═══ Material provided

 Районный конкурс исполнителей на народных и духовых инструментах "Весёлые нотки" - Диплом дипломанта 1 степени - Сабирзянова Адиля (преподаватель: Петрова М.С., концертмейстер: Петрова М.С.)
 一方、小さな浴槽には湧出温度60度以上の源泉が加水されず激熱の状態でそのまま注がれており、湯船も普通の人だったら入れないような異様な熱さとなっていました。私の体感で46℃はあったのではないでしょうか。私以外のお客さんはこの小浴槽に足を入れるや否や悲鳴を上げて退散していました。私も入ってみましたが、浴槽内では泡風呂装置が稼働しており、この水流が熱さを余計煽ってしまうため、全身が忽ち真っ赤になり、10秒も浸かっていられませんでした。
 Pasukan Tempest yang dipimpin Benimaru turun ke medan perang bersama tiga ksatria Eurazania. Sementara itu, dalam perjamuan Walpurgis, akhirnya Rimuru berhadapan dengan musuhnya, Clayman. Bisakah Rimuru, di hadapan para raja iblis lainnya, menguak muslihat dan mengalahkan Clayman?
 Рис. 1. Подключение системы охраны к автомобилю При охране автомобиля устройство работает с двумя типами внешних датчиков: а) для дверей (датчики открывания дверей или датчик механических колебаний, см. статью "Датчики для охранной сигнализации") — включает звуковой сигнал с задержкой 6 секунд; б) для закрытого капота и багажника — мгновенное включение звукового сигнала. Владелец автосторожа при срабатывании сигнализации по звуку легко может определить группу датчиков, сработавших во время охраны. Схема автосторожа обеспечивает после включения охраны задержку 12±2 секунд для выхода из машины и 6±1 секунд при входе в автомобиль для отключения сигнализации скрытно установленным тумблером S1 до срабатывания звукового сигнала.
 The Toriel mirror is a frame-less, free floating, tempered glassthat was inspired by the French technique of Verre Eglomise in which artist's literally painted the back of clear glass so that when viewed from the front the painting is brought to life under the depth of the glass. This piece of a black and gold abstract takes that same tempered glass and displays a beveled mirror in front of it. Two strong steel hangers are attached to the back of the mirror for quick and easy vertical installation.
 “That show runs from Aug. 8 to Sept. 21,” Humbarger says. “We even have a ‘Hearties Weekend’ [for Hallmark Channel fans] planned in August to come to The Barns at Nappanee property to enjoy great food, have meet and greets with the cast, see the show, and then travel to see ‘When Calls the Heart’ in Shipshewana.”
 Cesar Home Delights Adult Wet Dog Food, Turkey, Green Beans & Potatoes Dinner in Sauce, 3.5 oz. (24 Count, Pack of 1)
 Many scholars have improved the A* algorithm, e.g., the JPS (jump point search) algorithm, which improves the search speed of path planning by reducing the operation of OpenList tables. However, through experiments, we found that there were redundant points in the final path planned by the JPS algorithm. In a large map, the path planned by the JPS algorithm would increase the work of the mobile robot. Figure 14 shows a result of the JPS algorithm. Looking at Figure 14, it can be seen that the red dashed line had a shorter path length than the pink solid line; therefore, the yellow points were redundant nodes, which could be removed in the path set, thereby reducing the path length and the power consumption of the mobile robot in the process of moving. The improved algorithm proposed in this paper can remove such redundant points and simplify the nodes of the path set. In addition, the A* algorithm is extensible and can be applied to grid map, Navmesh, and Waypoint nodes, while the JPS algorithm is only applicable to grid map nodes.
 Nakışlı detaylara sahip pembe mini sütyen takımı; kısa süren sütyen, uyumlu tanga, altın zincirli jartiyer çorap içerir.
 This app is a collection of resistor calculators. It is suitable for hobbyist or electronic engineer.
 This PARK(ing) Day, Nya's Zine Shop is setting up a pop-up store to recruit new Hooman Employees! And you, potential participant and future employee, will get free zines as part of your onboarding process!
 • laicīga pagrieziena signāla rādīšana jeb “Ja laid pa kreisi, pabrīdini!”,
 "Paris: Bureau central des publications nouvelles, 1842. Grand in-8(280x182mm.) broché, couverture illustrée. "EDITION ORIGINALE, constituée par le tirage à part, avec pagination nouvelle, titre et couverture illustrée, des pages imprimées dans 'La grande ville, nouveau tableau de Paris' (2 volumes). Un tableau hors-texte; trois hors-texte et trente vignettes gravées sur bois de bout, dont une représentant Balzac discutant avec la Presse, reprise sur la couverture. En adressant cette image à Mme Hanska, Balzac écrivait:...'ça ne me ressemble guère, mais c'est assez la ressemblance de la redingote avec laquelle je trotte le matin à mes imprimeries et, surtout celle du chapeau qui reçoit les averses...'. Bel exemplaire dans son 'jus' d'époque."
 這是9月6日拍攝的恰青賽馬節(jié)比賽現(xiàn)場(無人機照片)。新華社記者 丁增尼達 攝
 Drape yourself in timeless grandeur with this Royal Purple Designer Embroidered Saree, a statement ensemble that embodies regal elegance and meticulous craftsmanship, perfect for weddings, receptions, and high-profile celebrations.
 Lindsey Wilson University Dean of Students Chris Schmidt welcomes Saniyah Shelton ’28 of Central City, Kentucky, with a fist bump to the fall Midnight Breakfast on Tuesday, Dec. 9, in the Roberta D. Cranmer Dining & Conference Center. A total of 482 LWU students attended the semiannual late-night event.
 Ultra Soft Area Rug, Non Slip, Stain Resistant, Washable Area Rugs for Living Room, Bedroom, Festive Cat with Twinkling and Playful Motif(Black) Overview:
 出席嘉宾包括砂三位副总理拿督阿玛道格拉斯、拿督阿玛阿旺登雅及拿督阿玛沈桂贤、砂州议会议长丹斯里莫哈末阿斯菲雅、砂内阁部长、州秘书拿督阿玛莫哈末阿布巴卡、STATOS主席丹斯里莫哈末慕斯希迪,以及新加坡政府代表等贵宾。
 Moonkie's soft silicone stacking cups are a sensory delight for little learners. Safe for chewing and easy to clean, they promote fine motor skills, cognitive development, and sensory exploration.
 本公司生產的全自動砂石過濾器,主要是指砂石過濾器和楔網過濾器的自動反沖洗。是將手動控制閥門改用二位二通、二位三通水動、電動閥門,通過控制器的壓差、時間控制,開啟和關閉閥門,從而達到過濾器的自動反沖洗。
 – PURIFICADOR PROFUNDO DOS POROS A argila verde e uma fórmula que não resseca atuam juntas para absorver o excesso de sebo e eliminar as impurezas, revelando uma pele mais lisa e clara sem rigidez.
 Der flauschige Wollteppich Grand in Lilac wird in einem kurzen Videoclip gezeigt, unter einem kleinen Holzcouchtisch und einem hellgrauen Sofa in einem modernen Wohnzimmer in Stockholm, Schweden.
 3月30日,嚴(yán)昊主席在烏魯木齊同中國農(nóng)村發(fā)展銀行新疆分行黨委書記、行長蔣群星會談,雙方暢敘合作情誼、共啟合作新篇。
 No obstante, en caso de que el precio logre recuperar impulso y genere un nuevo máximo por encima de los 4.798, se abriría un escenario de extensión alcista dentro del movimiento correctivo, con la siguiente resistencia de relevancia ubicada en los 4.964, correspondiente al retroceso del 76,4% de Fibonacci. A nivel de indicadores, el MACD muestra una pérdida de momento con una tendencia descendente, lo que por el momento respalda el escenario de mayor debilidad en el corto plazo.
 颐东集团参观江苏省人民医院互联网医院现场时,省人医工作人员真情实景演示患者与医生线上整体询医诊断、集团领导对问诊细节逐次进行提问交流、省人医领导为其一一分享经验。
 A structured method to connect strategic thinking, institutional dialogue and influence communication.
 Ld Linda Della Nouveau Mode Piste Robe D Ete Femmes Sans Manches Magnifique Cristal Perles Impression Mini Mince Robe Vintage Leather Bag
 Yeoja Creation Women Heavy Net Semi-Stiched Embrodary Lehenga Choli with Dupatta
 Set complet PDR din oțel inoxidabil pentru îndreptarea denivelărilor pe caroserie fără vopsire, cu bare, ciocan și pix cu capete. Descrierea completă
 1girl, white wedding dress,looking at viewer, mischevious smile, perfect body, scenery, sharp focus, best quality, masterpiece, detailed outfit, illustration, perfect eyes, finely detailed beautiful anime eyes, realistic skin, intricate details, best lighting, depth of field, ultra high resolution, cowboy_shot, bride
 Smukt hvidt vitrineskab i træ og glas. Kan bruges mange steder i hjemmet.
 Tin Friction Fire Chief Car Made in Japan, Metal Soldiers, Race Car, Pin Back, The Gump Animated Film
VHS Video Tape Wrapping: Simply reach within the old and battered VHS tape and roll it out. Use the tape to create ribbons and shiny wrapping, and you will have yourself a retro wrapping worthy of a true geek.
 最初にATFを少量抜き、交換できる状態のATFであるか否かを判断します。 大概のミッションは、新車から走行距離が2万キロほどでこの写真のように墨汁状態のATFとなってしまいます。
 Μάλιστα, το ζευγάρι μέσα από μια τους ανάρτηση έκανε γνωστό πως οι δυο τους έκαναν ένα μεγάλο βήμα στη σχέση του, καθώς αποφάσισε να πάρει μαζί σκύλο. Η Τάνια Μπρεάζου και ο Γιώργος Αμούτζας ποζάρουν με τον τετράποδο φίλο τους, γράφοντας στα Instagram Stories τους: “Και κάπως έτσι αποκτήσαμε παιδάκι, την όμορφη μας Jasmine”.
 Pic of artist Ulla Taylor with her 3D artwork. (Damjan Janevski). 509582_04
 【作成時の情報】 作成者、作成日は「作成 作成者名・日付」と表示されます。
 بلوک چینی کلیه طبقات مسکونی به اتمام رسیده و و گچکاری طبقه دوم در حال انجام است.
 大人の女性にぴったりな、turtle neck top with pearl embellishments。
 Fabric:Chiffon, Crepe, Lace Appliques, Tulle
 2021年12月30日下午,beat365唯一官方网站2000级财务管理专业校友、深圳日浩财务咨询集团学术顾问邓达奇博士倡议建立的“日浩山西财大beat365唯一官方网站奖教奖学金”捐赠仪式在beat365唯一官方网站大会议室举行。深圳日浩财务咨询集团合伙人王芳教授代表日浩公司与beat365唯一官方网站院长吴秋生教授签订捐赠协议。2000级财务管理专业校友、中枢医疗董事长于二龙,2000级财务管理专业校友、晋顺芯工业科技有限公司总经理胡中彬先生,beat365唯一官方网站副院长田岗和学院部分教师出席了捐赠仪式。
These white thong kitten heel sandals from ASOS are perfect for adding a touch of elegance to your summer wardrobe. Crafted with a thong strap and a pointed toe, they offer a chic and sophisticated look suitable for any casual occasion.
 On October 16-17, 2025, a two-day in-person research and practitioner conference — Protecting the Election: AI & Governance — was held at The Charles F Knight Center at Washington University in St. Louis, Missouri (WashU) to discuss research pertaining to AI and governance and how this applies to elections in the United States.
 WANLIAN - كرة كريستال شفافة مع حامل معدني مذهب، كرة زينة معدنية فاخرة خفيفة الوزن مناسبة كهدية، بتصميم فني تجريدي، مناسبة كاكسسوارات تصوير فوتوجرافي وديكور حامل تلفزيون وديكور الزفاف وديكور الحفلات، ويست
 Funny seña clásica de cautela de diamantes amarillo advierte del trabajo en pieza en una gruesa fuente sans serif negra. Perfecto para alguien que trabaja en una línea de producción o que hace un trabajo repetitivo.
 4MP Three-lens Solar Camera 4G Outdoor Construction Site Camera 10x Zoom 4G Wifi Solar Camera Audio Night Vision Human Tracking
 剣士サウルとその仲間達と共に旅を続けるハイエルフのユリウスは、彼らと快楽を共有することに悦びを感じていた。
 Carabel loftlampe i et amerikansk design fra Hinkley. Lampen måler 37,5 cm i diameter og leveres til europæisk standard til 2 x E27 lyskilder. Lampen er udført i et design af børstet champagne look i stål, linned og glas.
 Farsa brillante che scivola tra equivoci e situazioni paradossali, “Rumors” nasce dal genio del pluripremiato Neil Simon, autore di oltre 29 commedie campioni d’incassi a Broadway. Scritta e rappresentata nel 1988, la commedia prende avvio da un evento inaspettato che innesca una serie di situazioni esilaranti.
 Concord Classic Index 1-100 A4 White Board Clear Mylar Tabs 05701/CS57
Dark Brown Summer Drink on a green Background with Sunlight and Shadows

══════

Exercise details - Nothing but the lines above from the one containing "clara sem rigidez." through the one containing "3月30日,嚴(yán)昊主" should appear in the answer, each repeated exactly.

Written solution -
 – PURIFICADOR PROFUNDO DOS POROS A argila verde e uma fórmula que não resseca atuam juntas para absorver o excesso de sebo e eliminar as impurezas, revelando uma pele mais lisa e clara sem rigidez.
 Der flauschige Wollteppich Grand in Lilac wird in einem kurzen Videoclip gezeigt, unter einem kleinen Holzcouchtisch und einem hellgrauen Sofa in einem modernen Wohnzimmer in Stockholm, Schweden.
 3月30日,嚴(yán)昊主席在烏魯木齊同中國農(nóng)村發(fā)展銀行新疆分行黨委書記、行長蔣群星會談,雙方暢敘合作情誼、共啟合作新篇。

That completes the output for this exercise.